43. All these questions continue to linger in my mind and in the end lead me to conclude that the legal identity of the school is not known. What is, however, very clear, is that Moi played a very significant role in the school, from graciously donating 1,080 acres of his land for the school, to changing the name to “Moi”, to being the Chairman and having been the influence that led it to occupy 100 acres of the suit land belonging to Walter. Although Mr Kiplagat denied that Moi had anything to do with the ownership of the school, the evidence portrays him as the person who dealt with the late Walter and was supposed to ensure the conditions that were agreed upon were fulfilled by him or the school.
44. In my view, since the legal status of the school could not be established from the evidence, Malcolm was justified in filing the suit against Moi. Regarding Malcolm’s claim, he was able to prove that he was the registered owner of all that parcel of land known as LR No. 6207/02. He was entitled to possession of his own property; the school failed to prove the claim of adverse possession, therefore the learned trial judge should have dismissed the school’s claim. The evidence adduced on behalf of the school portrayed a respectable institution that could not use force or hostility to acquire or to occupy another person’s land. The evidence was that it was permitted to use the land as a gift. That was not adverse possession but a license which was terminated or a gift which was never completed.
45. The appellant sought orders for mesne profits in the appeal, but there was no satisfactory evidence to support both the claim for mesne profits or the claim for general damages.
For the above reasons, I would allow the appeal and set aside the orders of Apondi, J made on 31st October, 2005. I would substitute therefor judgment for the appellant in terms of prayer No (a) of the appellant’s amended plaint, that is to say:
“(a) A perpetual injunction restraining the respondents by himself or servants or agents from entering, occupying, remaining in occupation, using or in any other manner, howsoever interfering with the appellant’s use enjoyment, occupation, and ownership of the parcel of land known as LR No. 6207/02 or any part thereof.”
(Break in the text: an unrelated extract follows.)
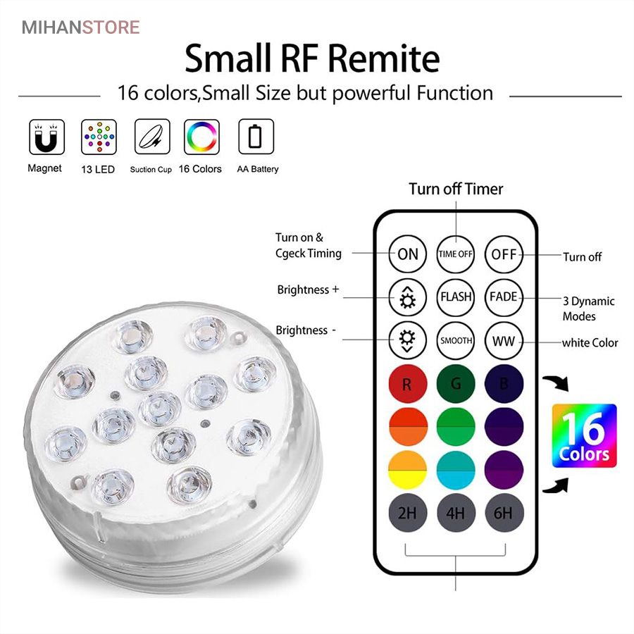 چراغ LED ریموت دار ضد آب دارای LED RGB قابلیت تولید انواع رنگها را دارد. ضمنا با توجه به داشتن ریموت کنترل امکان کنترل از راه دور را فراهم میکند. این پک LED می تواند رنگها و نورها را بصورت مستقل و یا ترکیبی و با حالتهای متفاوت در سرعت چشمک زدن و تغییر رنگها از طیفی به طیف دیگر برای ایجاد جذابیت تولید نماید. با استفاده از 3 عدد باتری نیم قلمی امکان کار تا 72 ساعت بصورت مداوم برای این لامپ وجود دارد.

I would also dismiss the originating summons filed by the respondents. Since the respondents are carrying out farming activities, they are given six  months to move out of the suit premises and hand over vacant possession to the appellant in default of which, they will be evicted without further recourse to court. The appellant shall have the costs of this appeal and the suit in the superior court to be paid by the respondents jointly and severally.
This judgment was written pursuant to the provisions of Rule 32 (2) of the Court of Appeal Rules, 2010.
Dated and delivered at Nakuru this 9th day of August, 2012.
M. K. KOOME
I have had the opportunity to read in draft the judgment of Koome, J.A. and I do agree with it in its entirety. I have nothing useful to add.
Dated and delivered at Nakuru this 9th day of August, 2012.